Task details →
What lines of the data below hold the string "that"? Copy each one.

Extracted data →
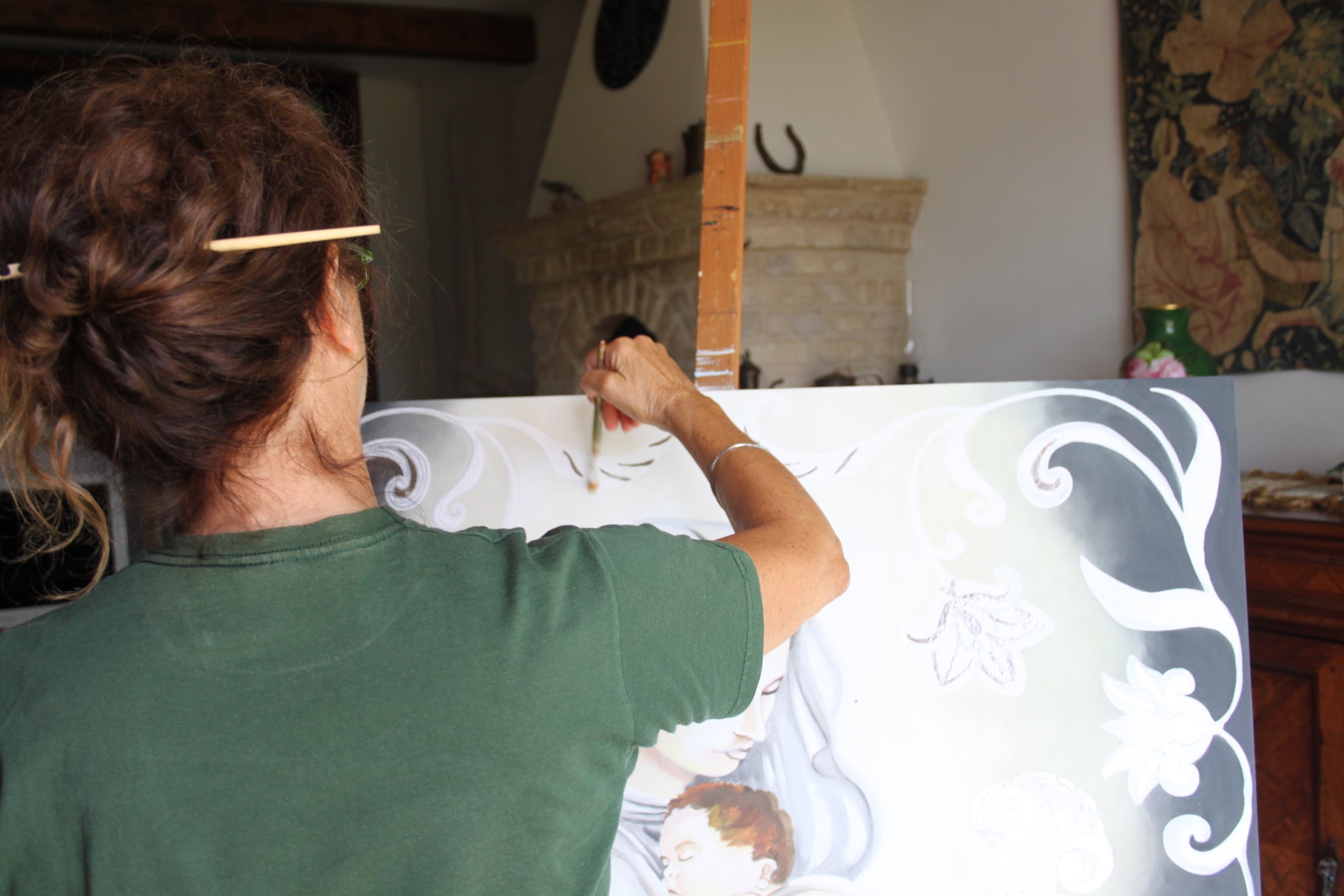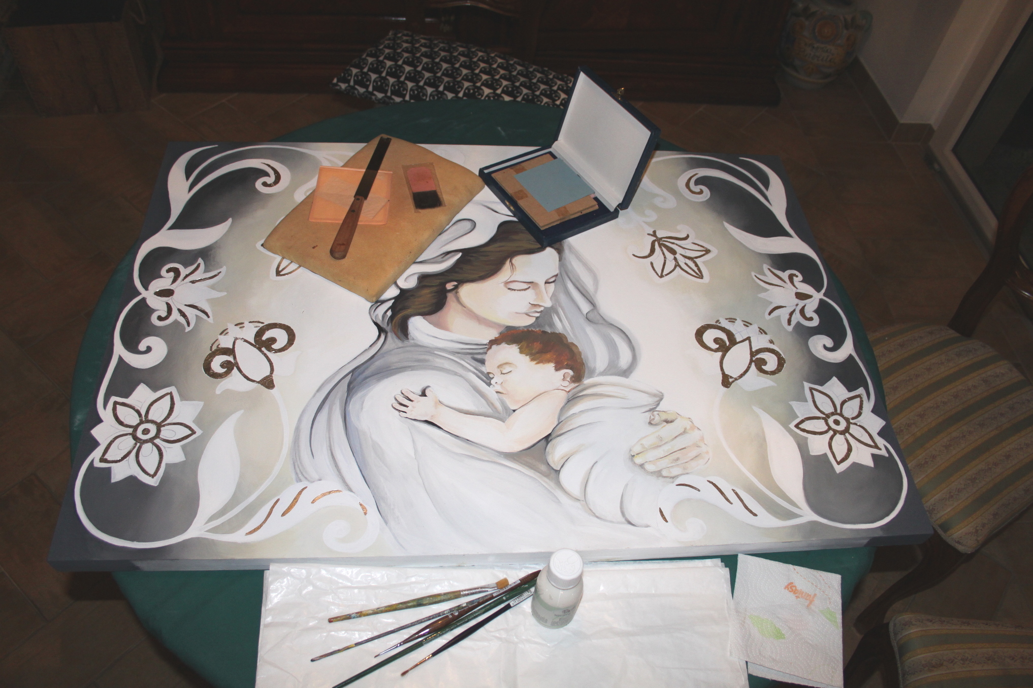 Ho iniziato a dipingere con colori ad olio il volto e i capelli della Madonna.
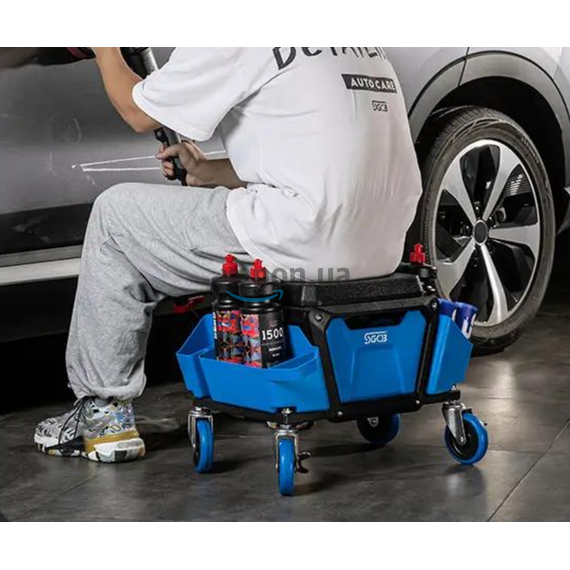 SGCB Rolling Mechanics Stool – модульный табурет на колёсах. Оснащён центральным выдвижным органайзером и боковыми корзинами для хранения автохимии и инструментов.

* * *

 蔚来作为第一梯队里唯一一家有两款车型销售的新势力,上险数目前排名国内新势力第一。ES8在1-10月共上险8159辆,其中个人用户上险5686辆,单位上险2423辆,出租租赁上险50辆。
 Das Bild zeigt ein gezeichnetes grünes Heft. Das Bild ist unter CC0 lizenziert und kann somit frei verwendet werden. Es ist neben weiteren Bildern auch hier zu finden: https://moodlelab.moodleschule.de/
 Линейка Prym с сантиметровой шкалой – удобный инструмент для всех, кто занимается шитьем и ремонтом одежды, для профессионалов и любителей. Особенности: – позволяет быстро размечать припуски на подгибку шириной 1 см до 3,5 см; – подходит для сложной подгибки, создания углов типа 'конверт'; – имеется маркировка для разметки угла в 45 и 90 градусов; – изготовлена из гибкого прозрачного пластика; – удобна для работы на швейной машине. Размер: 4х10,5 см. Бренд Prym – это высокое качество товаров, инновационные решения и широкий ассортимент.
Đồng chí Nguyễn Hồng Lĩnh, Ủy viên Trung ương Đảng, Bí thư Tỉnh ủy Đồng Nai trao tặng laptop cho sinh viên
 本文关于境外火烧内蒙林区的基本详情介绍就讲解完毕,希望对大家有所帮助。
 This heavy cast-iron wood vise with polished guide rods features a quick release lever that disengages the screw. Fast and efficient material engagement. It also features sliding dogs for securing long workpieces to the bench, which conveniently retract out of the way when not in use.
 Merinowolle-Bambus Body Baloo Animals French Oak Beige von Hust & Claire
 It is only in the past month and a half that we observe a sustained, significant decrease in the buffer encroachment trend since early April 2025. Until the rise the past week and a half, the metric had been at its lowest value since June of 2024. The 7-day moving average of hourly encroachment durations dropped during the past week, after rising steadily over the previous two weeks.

Written answer →
 This heavy cast-iron wood vise with polished guide rods features a quick release lever that disengages the screw. Fast and efficient material engagement. It also features sliding dogs for securing long workpieces to the bench, which conveniently retract out of the way when not in use.
 It is only in the past month and a half that we observe a sustained, significant decrease in the buffer encroachment trend since early April 2025. Until the rise the past week and a half, the metric had been at its lowest value since June of 2024. The 7-day moving average of hourly encroachment durations dropped during the past week, after rising steadily over the previous two weeks.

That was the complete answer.